[PROBLEM DESCRIPTION]
All pictures are to be omitted while the lines starting at the line with "Искусство - это" and ending at the line with "Siàge Regeneração Pós" in the material below are retyped exactly, both ends included.

[AVAILABLE DATA]

- Opening Delimiter -

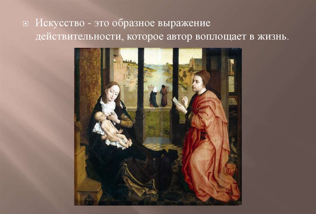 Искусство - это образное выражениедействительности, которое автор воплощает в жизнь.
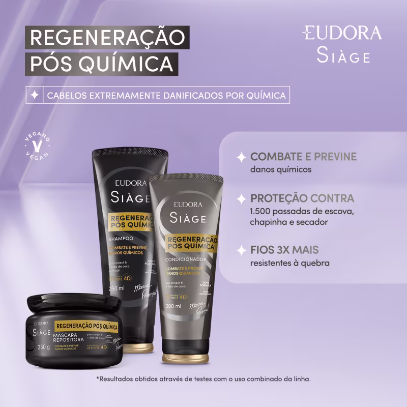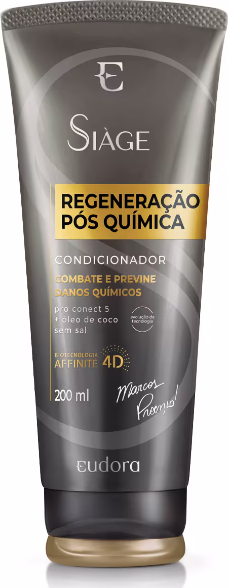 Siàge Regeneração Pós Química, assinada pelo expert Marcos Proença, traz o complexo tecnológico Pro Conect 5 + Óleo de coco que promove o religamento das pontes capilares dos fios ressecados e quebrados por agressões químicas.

- Closing Delimiter -
- Opening Delimiter -

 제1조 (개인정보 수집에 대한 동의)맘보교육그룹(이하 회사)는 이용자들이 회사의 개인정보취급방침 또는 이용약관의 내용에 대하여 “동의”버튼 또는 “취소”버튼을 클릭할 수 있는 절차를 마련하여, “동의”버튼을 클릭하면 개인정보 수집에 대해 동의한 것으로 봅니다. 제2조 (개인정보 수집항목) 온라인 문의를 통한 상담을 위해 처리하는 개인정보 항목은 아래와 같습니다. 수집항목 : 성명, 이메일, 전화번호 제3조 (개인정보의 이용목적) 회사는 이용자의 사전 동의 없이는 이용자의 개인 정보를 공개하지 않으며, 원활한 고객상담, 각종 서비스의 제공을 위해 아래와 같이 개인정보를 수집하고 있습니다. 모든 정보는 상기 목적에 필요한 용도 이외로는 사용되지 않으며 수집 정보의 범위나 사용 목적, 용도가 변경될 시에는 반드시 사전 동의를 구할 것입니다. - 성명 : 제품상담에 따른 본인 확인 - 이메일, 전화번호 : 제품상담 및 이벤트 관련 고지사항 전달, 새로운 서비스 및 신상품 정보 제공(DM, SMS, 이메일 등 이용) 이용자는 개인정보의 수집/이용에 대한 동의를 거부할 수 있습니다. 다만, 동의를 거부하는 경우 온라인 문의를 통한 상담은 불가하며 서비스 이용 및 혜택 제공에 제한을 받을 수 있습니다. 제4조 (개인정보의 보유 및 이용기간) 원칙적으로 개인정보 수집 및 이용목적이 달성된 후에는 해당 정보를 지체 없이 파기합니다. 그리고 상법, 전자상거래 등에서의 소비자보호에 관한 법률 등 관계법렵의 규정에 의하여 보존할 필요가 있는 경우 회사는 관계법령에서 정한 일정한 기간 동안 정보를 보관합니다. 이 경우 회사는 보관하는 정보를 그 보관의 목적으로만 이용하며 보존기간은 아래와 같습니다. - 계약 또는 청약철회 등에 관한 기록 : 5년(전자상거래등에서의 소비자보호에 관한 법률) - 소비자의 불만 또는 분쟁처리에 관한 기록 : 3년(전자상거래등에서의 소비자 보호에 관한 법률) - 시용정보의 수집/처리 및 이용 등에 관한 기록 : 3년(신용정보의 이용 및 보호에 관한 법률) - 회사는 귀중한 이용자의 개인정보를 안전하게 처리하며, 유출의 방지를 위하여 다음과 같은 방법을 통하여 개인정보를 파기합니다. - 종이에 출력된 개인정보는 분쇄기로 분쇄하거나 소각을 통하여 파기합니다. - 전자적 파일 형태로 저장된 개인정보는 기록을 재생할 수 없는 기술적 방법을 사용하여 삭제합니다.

- Closing Delimiter -

[SOLUTION FOR THIS PROBLEM]
 Искусство - это образное выражениедействительности, которое автор воплощает в жизнь.
 Siàge Regeneração Pós Química, assinada pelo expert Marcos Proença, traz o complexo tecnológico Pro Conect 5 + Óleo de coco que promove o religamento das pontes capilares dos fios ressecados e quebrados por agressões químicas.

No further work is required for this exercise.